Hot on the heels of a $275 million “investment”, Holden is going back to the Australian government, hat in hand, asking for more money. This time, Holden wants another $265 million to keep their assembly plants online.
According to Holden, assembling cars like the Cruze and Commodore in Australia carries a premium in the neighborhood of $3460 USD compared with other locales like Korea. The Thailand built Colorado 7 and the Korean-built Captiva, both crossovers, are said to help offset the loss-making nature of Australian manufacturing.
Holden is said to be seeking more money in the wake of Ford’s closing of their Australian manufacturing operations. The incoming administration in Australia’s government are known to be supportive of propping up Australia’s manufacturing sector, with the new Industry Minister a vocal supporter of the auto industry.

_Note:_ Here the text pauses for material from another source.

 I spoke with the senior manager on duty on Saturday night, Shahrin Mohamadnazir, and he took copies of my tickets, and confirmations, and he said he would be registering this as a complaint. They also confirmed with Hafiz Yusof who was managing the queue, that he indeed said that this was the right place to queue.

Meanwhile, opposition figures have indicated that they would look to dramatically cut subsidies for the auto sector, so Holden may be feeling extra pressure to get a deal signed sooner rather than later.

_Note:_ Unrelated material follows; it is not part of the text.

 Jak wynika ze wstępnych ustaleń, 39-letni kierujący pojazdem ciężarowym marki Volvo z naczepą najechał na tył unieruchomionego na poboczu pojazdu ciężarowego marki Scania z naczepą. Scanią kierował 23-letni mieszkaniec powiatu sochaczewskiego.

While Holden has previously been firm in its commitment to Australian manufacturing, the tone seems to have changed, with Holden indicating that further investment is a prerequisite for maintaining a manufacturing presence in the country. Holden isn’t alone either; Toyota is said to be looking for government subsidies as well, as a rapidly changing auto market and unfavorable exchange rates has left many auto makers caught flat-footed down under.
While other countries are making substantial investments in their auto sector, Australia, like Canada, has been taking cautious half measured, investing more modest amounts in conjunction with the OEMs and while adopting a “wait and see” approach. Both countries are watching their auto plants gradually fade in both importance and number, as cheaper manufacturing sites and unfavorable exchange rates and other structural factors erode whatever competitive advantages the two countries may have once had.

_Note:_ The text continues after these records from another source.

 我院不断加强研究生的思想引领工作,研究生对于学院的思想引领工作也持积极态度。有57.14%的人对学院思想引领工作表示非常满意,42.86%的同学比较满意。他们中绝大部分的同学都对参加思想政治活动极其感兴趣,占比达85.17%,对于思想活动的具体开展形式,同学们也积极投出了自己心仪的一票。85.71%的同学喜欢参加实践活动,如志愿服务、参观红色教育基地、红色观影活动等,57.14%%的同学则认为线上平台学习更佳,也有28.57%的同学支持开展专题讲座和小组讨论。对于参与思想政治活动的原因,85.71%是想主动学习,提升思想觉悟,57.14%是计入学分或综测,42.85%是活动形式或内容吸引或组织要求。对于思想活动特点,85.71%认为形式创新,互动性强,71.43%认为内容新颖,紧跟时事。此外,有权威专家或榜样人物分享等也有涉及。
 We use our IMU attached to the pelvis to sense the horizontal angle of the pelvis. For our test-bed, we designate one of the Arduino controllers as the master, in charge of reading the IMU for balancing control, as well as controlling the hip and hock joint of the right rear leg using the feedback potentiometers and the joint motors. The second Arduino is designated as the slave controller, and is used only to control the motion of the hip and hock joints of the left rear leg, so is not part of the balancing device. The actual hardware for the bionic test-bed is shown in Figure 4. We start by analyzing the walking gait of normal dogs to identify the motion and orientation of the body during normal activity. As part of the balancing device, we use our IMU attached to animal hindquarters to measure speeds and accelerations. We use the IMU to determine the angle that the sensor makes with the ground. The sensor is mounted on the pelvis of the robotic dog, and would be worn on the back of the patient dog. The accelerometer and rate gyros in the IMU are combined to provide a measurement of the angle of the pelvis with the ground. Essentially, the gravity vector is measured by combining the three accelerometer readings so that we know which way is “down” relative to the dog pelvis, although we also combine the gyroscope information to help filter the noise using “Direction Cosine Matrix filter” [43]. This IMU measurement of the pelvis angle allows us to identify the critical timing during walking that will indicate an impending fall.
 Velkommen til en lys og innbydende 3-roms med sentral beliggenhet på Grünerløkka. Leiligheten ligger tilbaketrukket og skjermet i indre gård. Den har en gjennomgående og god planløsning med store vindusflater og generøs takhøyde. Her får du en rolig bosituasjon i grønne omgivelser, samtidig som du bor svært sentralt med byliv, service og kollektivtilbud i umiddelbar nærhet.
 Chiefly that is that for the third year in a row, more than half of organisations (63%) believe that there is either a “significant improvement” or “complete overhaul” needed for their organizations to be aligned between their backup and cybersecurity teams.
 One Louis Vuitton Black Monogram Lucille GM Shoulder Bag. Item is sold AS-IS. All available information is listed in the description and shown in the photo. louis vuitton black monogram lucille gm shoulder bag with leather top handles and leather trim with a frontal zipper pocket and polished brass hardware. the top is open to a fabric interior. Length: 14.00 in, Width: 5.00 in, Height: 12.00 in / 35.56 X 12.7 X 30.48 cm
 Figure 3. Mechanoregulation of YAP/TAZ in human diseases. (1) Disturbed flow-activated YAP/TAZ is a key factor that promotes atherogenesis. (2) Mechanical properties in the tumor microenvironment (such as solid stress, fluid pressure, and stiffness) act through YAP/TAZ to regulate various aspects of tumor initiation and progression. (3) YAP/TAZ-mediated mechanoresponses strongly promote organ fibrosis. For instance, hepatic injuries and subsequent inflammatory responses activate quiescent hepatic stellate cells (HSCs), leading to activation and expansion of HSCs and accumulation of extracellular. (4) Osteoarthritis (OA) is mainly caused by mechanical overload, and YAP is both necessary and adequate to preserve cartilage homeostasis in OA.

The nature of globalized product lines also doesn’t do any favors for Australia, which used to assemble vehicles that were locally popular, like large rear drive sedans and Ute pickups. But with the Ford Falcon gone, the Holden Commodore rumored to be moving to a global platform and consumers flocking to vehicles like the Toyota Hilux, Ford Ranger and Holden Colorado for their truck fix, Australian cars and their manufacturing sites seem to be slowly losing the battle for their lives.